> EXERCISE INPUT
- Opening Delimiter -

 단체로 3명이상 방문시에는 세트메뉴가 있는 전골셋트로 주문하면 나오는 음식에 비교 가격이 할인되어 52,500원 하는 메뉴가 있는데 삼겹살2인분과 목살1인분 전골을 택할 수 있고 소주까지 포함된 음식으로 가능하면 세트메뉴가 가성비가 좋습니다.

- Closing Delimiter -
- Opening Delimiter -

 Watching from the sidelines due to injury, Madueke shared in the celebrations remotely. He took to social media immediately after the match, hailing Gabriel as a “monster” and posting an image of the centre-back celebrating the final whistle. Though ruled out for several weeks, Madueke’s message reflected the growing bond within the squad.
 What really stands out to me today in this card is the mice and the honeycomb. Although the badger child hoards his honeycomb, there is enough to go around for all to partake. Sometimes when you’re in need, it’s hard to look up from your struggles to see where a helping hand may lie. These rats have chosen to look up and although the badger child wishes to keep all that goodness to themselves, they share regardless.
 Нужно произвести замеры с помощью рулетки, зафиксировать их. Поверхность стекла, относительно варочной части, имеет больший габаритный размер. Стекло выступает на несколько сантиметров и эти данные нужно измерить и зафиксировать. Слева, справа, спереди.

- Closing Delimiter -

> EXERCISE
State how many lines of the data above contain the word "from", and include nothing other than that number.

> ANSWER FOR THIS EXERCISE
2